:: Try it ::
Please transcribe the data that follows exactly as given, leaving out every picture.

*** Opening of Supplied data ***

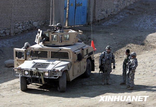 资料图片 2月1日,在阿富汗首都喀布尔,驻阿美军士兵在袭击现场附近警戒。新华社发(扎比摄)
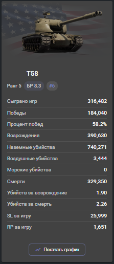 Типа Т58 может что угодно забрать своим хэшем (единственный играбельный хэш в игре), а АМХ-50, который на своём БРе и ниже вообще не играет, вечно с засосом берёт Дшный снаряд от 55-ок и их китайских копий со стабом.
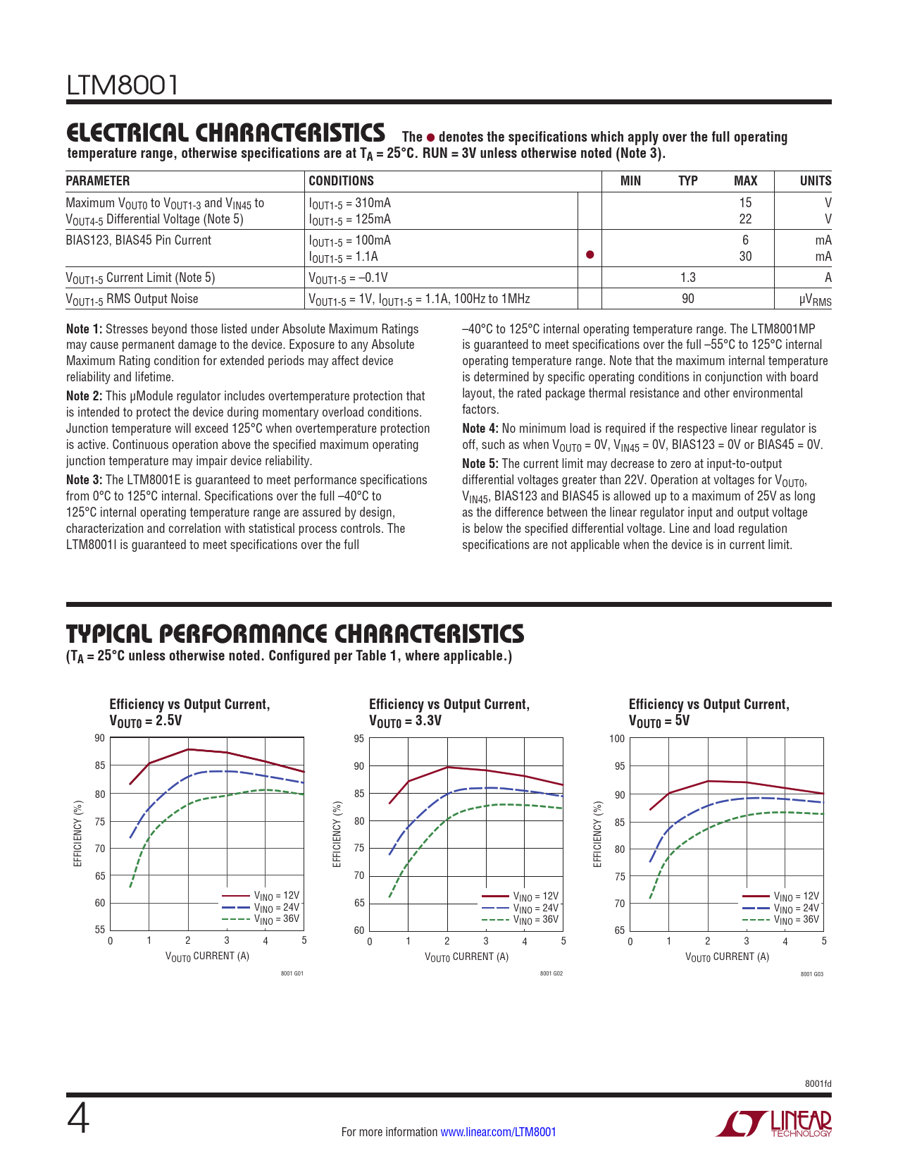 The LTM8001E is guaranteed to meet performance specifications differential voltages greater than 22V. Operation at voltages for VOUT0, from 0°C to 125°C internal. Specifications over the full –40°C to VIN45, BIAS123 and BIAS45 is allowed up to a maximum of 25V as long 125°C internal operating temperature range are assured by design, as the difference between the linear regulator input and output voltage characterization and correlation with statistical process controls. The is below the specified differential voltage. Line and load regulation LTM8001I is guaranteed to meet specifications over the full specifications are not applicable when the device is in current limit.

*** Close of Supplied data ***

:: Expected answer ::
 资料图片 2月1日,在阿富汗首都喀布尔,驻阿美军士兵在袭击现场附近警戒。新华社发(扎比摄)
 Типа Т58 может что угодно забрать своим хэшем (единственный играбельный хэш в игре), а АМХ-50, который на своём БРе и ниже вообще не играет, вечно с засосом берёт Дшный снаряд от 55-ок и их китайских копий со стабом.
 The LTM8001E is guaranteed to meet performance specifications differential voltages greater than 22V. Operation at voltages for VOUT0, from 0°C to 125°C internal. Specifications over the full –40°C to VIN45, BIAS123 and BIAS45 is allowed up to a maximum of 25V as long 125°C internal operating temperature range are assured by design, as the difference between the linear regulator input and output voltage characterization and correlation with statistical process controls. The is below the specified differential voltage. Line and load regulation LTM8001I is guaranteed to meet specifications over the full specifications are not applicable when the device is in current limit.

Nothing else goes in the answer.